The UAE Cabinet has approved many significant amendments to Federal Decree-Law No. 9 of 2016 on Bankruptcy (the “Bankruptcy Law”). Most importantly, the amendments include mechanisms to handle and assist debtors during an “Emergency Financial Crisis” (or “EFC”), which is defined as a public incident that disrupts UAE commerce or investment, such as an epidemic, natural or environmental catastrophe, war, or other similar occurrences.
Primary Change – Financial Emergency:
The revisions include a new definition of EFC (as mentioned in the introduction) and a new Section Five titled ‘Bankruptcy Proceedings in Emergency Financial Crisis,’ which will be inserted into the Bankruptcy Law’s ‘Bankruptcy’ section (Chapter Four). The adjustments alter the operation of the Bankruptcy Law’s standard insolvency processes in the case of an EFC. Specifically:
Suspension of the necessity to file for Bankruptcy temporarily:
Usually, a debtor is obliged to file for bankruptcy if it cannot pay its obligations when they become due for a period of 30 consecutive business days. The modifications postpone this duty for the term of an EFC. If, however, a debtor files for Bankruptcy during an EFC and the debtor establishes that the EFC was the cause of the debtor’s insolvency, the Court has the option to accept the bankruptcy petition and continue with the proceedings as it sees fit. For example, the Court may continue without selecting an expert or trustee.
There is a grace time for creditors to negotiate a settlement.

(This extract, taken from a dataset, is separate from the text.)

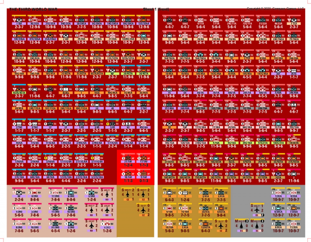 Color-coding on Warsaw Pact ground unit counters for ease in distinguishing army designation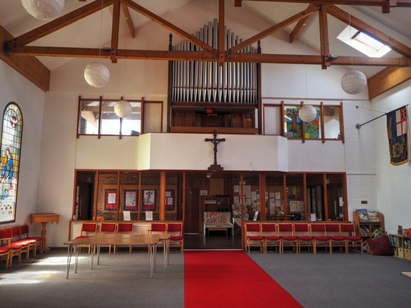GREAT (C – g3) 56 TOETSEN: Open Diapason 8′, Rohr Flote 8′, Dulciana 8′, Principal 4′, Harmonic Flute 4′, Fifteenth 2′.

If the Court approves the debtor’s application due to an EFC, the debtor might ask for a 40-day term to achieve a settlement with its creditors. The debtor’s requested settlement time for debt payback shall not exceed 12 months from the date of court approval. The debtor must record the agreement, and it will be binding on the other creditors if creditors representing at least two-thirds of the debts agree. The Court will decide on whether or not to approve the settlement. Any settlement might potentially be challenged in court by creditors.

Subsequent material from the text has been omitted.